Commit graph

8 commits

Author SHA1 Message Date
Lars Schneider 2841e8f81c convert: add "status=delayed" to filter process protocol
Some `clean` / `smudge` filters may require a significant amount of
time to process a single blob (e.g. the Git LFS smudge filter might
perform network requests). During this process the Git checkout
operation is blocked and Git needs to wait until the filter is done to
continue with the checkout.

Teach the filter process protocol, introduced in edcc8581 ("convert: add
filter.<driver>.process option", 2016-10-16), to accept the status
"delayed" as response to a filter request. Upon this response Git
continues with the checkout operation. After the checkout operation Git
calls "finish_delayed_checkout" which queries the filter for remaining
blobs. If the filter is still working on the completion, then the filter
is expected to block. If the filter has completed all remaining blobs
then an empty response is expected.

Git has a multiple code paths that checkout a blob. Support delayed
checkouts only in `clone` (in unpack-trees.c) and `checkout` operations
for now. The optimization is most effective in these code paths as all
files of the tree are processed.

Signed-off-by: Lars Schneider <larsxschneider@gmail.com>
Signed-off-by: Junio C Hamano <gitster@pobox.com>
2017-06-30 13:50:41 -07:00
Lars Schneider 1757333410 t0021: write "OUT <size>" only on success
"rot13-filter.pl" always writes "OUT <size>" to the debug log at the end
of a response.

This works perfectly for the existing responses "abort", "error", and
"success". A new response "delayed", that will be introduced in a
subsequent patch, accepts the input without giving the filtered result
right away. At this point we cannot know the size of the response.
Therefore, we do not write "OUT <size>" for "delayed" responses.
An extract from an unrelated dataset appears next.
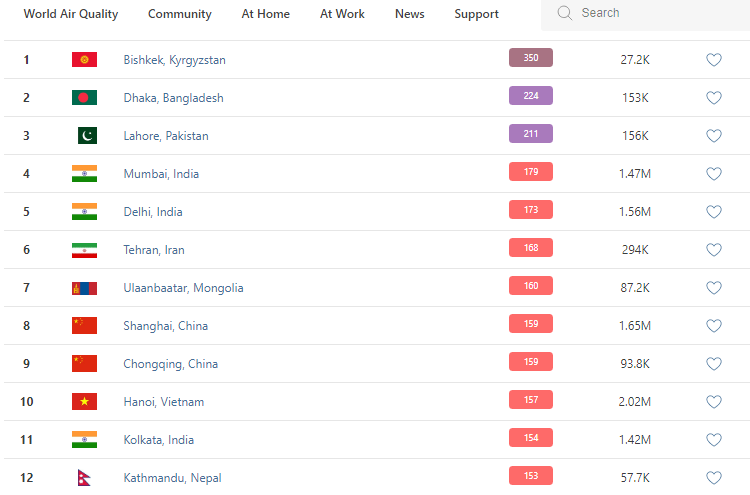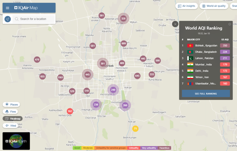 В рейтинге крупнейших городов мира по качеству воздуха World Air Quality Бишкек вновь поднялся на первое место.

To simplify the code we do not write "OUT <size>" for "abort" and
"error" responses either as their size is always zero.

Signed-off-by: Lars Schneider <larsxschneider@gmail.com>
Signed-off-by: Junio C Hamano <gitster@pobox.com>
2017-06-29 11:23:47 -07:00
Lars Schneider e1ec4721d6 t0021: make debug log file name configurable
The "rot13-filter.pl" helper wrote its debug logs always to "rot13-filter.log".
Make this configurable by defining the log file as first parameter of
"rot13-filter.pl".

This is useful if "rot13-filter.pl" is configured multiple times similar to the
subsequent patch 'convert: add "status=delayed" to filter process protocol'.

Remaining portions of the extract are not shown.